> _EXERCISE DETAILS_
In the data below, find the line containing "雄々しい土俵入りをしたかったのだろうけど(C)共同通信社", then set down that line and every later line up to and including the line containing "- في شريط البحث", exactly.

> _DATA FOR ANALYSIS_
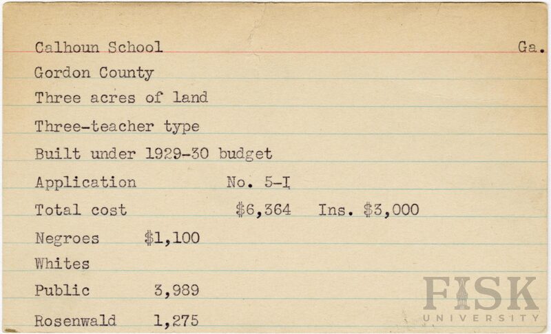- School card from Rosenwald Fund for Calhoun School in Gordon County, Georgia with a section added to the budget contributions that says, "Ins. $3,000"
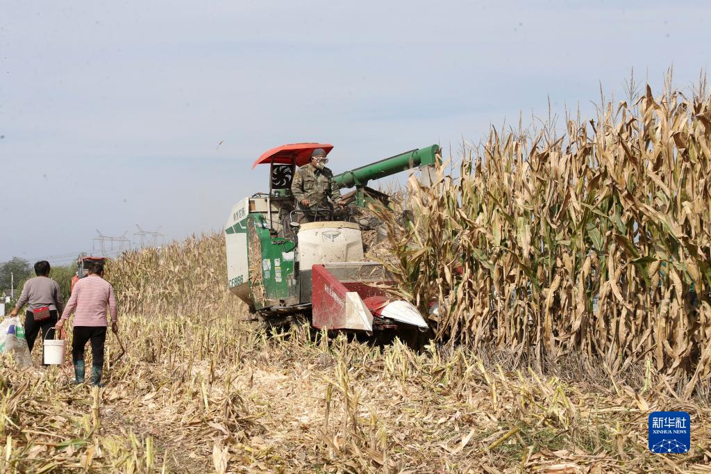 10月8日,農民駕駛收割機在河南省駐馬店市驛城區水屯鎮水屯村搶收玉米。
---
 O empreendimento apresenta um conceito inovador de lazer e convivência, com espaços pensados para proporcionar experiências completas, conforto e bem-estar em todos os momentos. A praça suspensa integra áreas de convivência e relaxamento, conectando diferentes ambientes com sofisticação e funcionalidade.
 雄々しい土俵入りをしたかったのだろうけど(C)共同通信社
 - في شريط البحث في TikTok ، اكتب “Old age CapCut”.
--
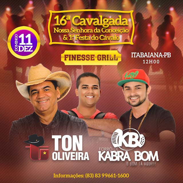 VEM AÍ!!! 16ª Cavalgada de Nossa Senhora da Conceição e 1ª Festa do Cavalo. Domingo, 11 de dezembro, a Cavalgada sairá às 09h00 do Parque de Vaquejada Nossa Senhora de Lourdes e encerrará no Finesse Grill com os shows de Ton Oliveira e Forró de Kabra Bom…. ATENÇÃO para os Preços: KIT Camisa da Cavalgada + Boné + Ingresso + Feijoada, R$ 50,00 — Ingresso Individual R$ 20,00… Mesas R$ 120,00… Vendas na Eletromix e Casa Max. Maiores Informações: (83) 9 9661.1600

> _RESPONSE BOX_
 雄々しい土俵入りをしたかったのだろうけど(C)共同通信社
 - في شريط البحث في TikTok ، اكتب “Old age CapCut”.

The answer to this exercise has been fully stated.